Yet on the basis of this exhibition, Leaf found her greatest poetic abilities as a sculptor, with real objects, sensitively arranged, holding a suggestive power that outstrips her painted spaces. Diorama-sized figures—with echoes of Bill Traylor and Lotte Reiniger, among others—appear in the round or cut from sheet metal, gesturing atop bits of broken machinery. A clay man strides forward, gripping a wire that meanders from an arch of three simple rods. A lady pushes a hoop atop a wire-drawn revolver; another tumbles head-first along a wall, knocked off by a metal curlicue, delicate and sharp. In Woman Drawing the Man (2014–19), Leaf choreographs a gender-swapped Pygmalion: a kneeling woman marks the crotch of a man, who seems to emerge from the picture plane of an upright metal sheet. Such pieces show how the simplest of materials—dead, mute, and inert—can simultaneously obstruct and conjure a more fictive kind of motion. In these works Leaf seems to offer a sculptural translation of Wallace Stevens’s definition for poetry: “the imagination pressing back against the pressure of reality.”
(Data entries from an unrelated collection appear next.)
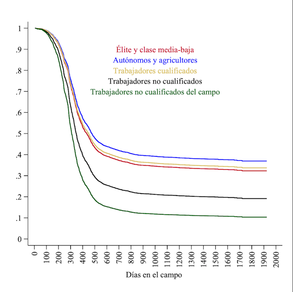 En segundo lugar, y este es el argumento central de nuestro artículo, existe un efecto muy importante de la clase social. En este sentido, los trabajadores de baja cualificación, especialmente los agrícolas, tuvieron muchas menos probabilidades de sobrevivir, principalmente porque no consiguieron acceder a puestos privilegiados y protegidos dentro del campo o en kommandos exteriores.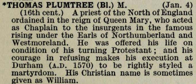 4 January – Blessed Thomas Plumtree Posted bymagistrahildegard4 January 20252 December 2025Posted inSanctoraleTags:16C, England, Martyr, Priest Ecclesiæ anglicanæ trophæa The Book of Saints Modern Hagiography A Menology of England and Wales Mementoes of the English Martyrs and Confessors for Every Day in the Year Share this: Click to share on X (Opens in new window) X Click to share on Facebook (Opens in new window) Facebook Like Loading... Related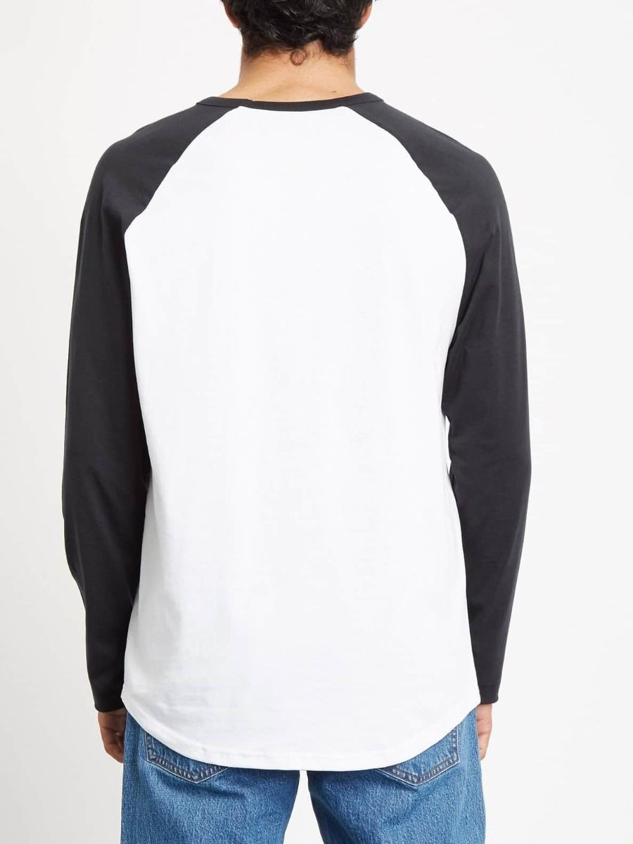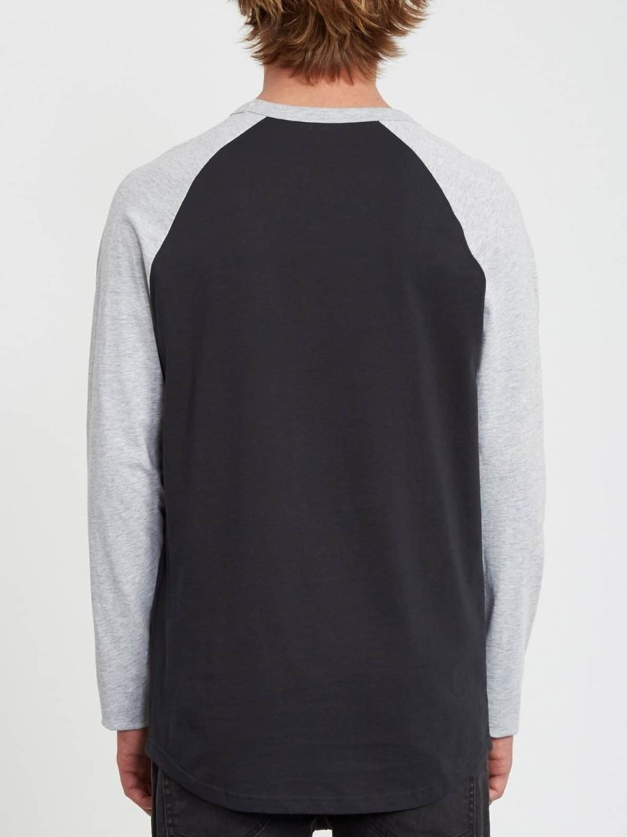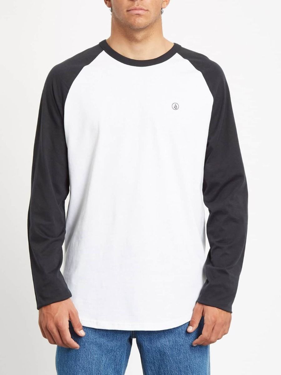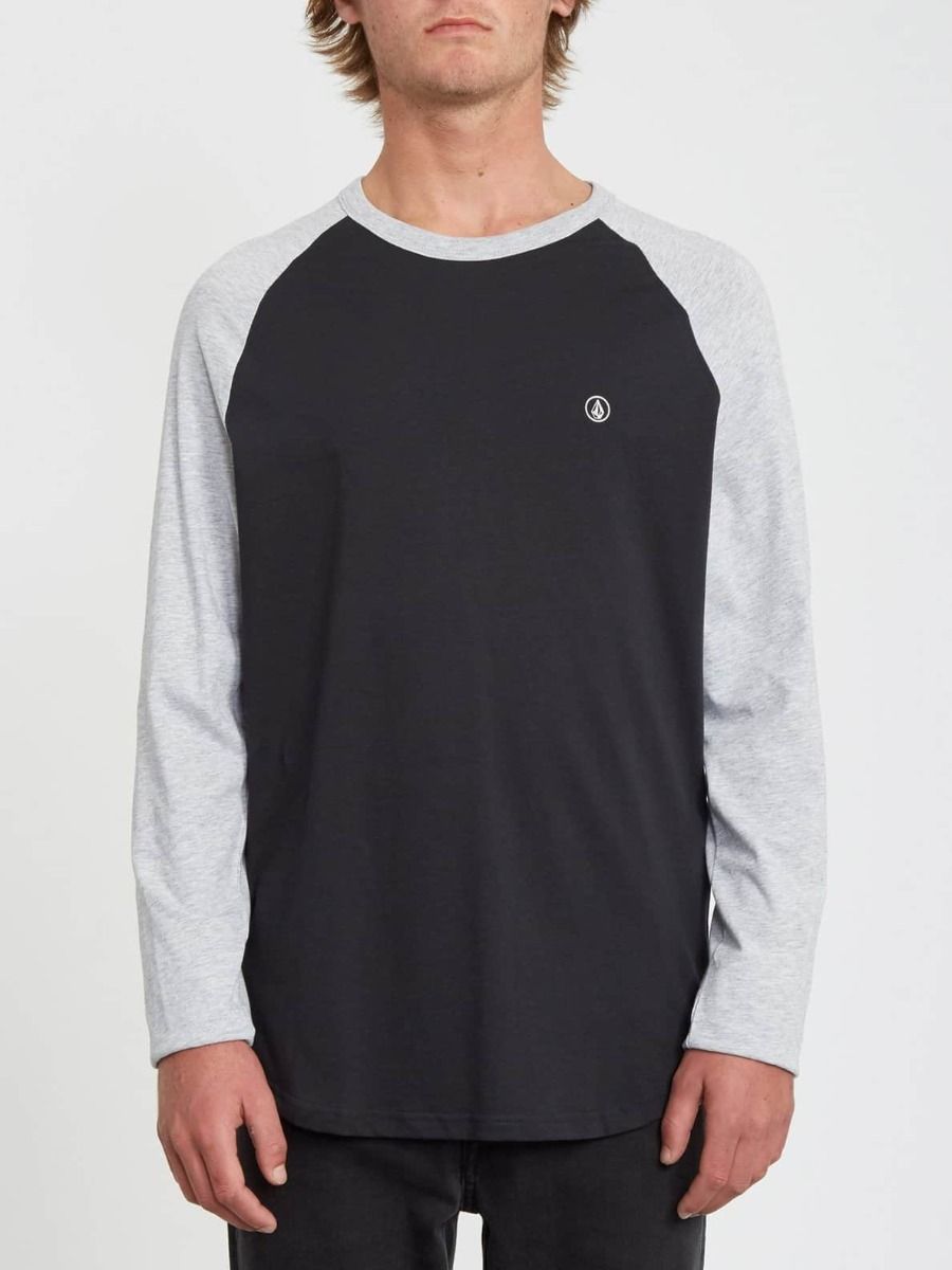 Esta camiseta de corte raglán cuenta con cuello redondo, manga larga, dobladillo ligeramente curvado, estampado serigrafiado Volcom Stone en el pecho y etiqueta Volcom tejida en el bajo delantero.

One pleasure of this retrospective is watching as Leaf’s sketches plant the seeds for sculptures, which then collapse back into more drawings, collages, or paintings. There’s a self-propulsive energy to these transformations, and Leaf’s recursive attention to familiar subjects and settings mimics the dynamic, looping throughlines—across the wall, upstage and downstage—that her characters travel. Leaf died last year, aged ninety-four, late in the planning of this retrospective. But her work still tucks, tumbles, punches, kicks, and dances.